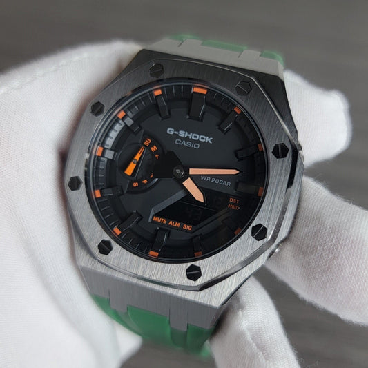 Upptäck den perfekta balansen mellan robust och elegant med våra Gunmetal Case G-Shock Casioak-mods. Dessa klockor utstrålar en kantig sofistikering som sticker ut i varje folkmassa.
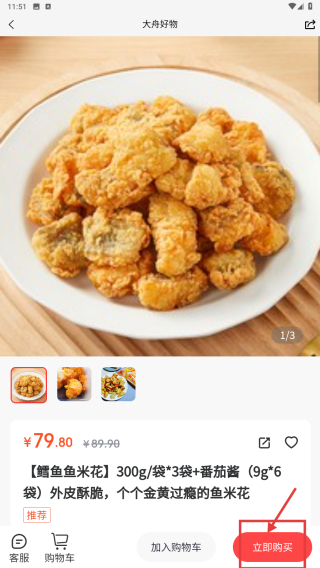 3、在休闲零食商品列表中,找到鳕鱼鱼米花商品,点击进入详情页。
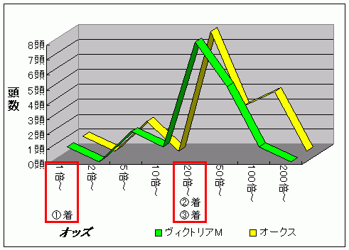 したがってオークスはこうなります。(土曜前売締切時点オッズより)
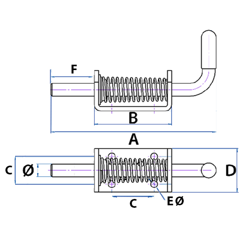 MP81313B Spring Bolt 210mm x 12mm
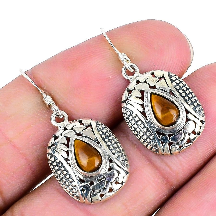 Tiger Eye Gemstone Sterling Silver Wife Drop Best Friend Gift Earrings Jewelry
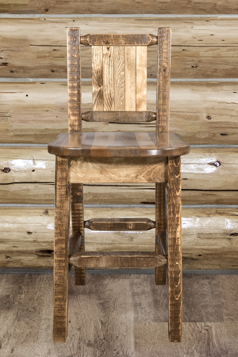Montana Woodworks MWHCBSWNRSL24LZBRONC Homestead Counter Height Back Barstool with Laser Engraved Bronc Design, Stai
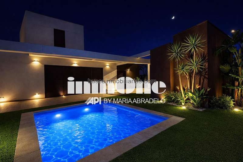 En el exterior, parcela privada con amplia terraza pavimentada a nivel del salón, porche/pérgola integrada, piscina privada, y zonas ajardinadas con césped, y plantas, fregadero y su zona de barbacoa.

───

* [Task description]: Word for word, restate the lines from the first line of the material through the line containing "Tiger Eye Gemstone", with the pictures left out.

* [Written answer]:
 Upptäck den perfekta balansen mellan robust och elegant med våra Gunmetal Case G-Shock Casioak-mods. Dessa klockor utstrålar en kantig sofistikering som sticker ut i varje folkmassa.
 3、在休闲零食商品列表中,找到鳕鱼鱼米花商品,点击进入详情页。
 したがってオークスはこうなります。(土曜前売締切時点オッズより)
 MP81313B Spring Bolt 210mm x 12mm
 Tiger Eye Gemstone Sterling Silver Wife Drop Best Friend Gift Earrings Jewelry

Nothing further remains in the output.